国土交通省は、2018年5月30日に「公共交通事業者に向けた接遇ガイドライン」を公開しました。187ページもあります。
公共交通機関向けとありますが、高齢者、各種障害者、その他の心身の機能障害、妊産婦、乳児連れの人を対象に、接遇にあたっての基本的な心構えをまとめたものですので、全ての人に参考となります。企業としては、適切な配慮を行うことが求められていますので、参照しておくとよいものだと思います。
障害者等への対応が求められる背景
2020年に東京で開催されるオリンピックに向け、バリアフリー対策が急速に進んでいます。
2013年には、「障害者差別解消法」も制定され、日常生活や社会生活において、不当な差別的取り扱いの禁止と、合理的配慮の提供により社会的障壁を取り除いていくことが強く求められています。
接遇の方法について
見た目でわからない障害を抱えている方に対して、どのような対応をしたらいいのでしょうか。ヘルプマークの普及など、制度が徐々に整ってきていますが、このガイドラインに詳しく記載されています。
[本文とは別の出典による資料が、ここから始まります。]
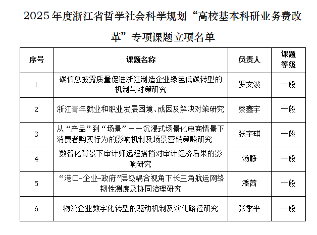 2024年9月20日,浙江省哲学社会科学工作办公室发布了《关于公布2025年度浙江省哲学社会科学规划课题等立项名单的通知》。吃瓜网 共有8位教师的项目立项,其中包括2项常规课题(重点课题1项),以及6项“高校基本科研业务费改革”专项课题,整体立项率达到了73%。

声かけから始まり、相手の状況に合わせて、質問方法を変えたり、筆談、コミュニケーション支援ボードを使うといった手法が例示されています。
問題なく会話できる方に対しては、どのように対応してほしいのか聞きだして、対応できますが、コミュニケーションが困難な方に対しては、どうしたらいいかお互い困ります。
このガイドラインには、高齢者、各種障害者など、それぞれの特性、公共交通機関を利用する際の困りごと、コミュニケーションの基本について例示されています。
こうした特性を知っておくと、対応をイメージしやすいですね。
普段こうした方と接したことがない方にとって、とまどいが軽減すると思います。
車いすの扱い方ひとつとっても、使ったことがなければわからないですし、練習する機会もありません。
構造を図解して、名称の説明から、折りたたみ方、段差や階段の移動方法など、取り扱い説明があります。
公共交通機関に限らず、知っておきたい情報がつまったガイドラインですので、一読しておいて損はないと思います。
企業においては、人を迎える姿勢として非常に重要です。また、個人としても、突然、自分がここに紹介されているような方々と行動を共にしなくてはならなくなった時、まったく知識がなければ、途方にくれてしまいます。
貴重な参考資料としておきます。